The Lahore Declaration jointly signed by Mr Vajpayee and Mr
Musharraf’s predecessor and bete-noire, former Pakistan Prime
Minister Nawaz Sharif (the text of which is printed on the
facing page) has said almost everything that Mr Musharraf
wanted Mr Vajpayee to say at Agra. Yes, even the phraseology
on the “resolution” of the so-called “outstanding issue of
Jammu and Kashmir”, which the Lahore Declaration had said
was “essential” to the creation of an “environment of peace
and security” in the region, echoes what Mr Musharraf now
wants. So what was the hype surrounding Agra all about? Simple.

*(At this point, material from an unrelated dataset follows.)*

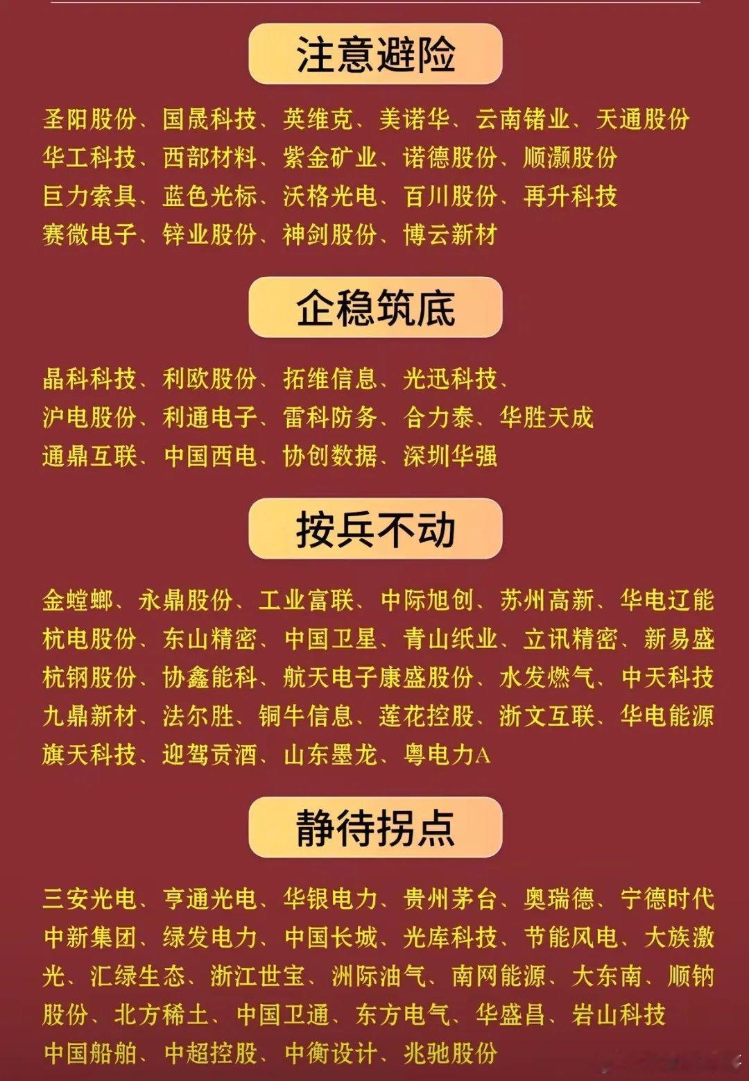 最近的市场一些长幅过高的个股有不少,那现在这些个股就应该注意规避,毕竟在高位再去买入风险比分化太严重。那像一些低位企稳和一些高价值且市值挺大的一些公司就应该持有或者分批买入。还有一些行业拐点可以留意,到了行情催化的时候就可以不错过,迅速入场。

General Musharraf had planned to get rid of Mr Nawaz Sharif
and he had planned to occupy the Kargil heights to be able
to negotiate on Kashmir and Siachen with India. If the Lahore
summit had succeeded Mr Musharraf would have remained a footnote
in the history of the sub-continent. By sabotaging the Lahore
summit and getting rid of Mr Sharif, Mr Musharraf has now
come around in Agra to accepting the same terms for peace
and reconciliation in the region set out in the Lahore declaration.
With a difference, of course. It took the magnanimity of Mr
Vajpayee and the Indian people, willing to put Kargil behind
them and seek an accord again, that made Agra possible.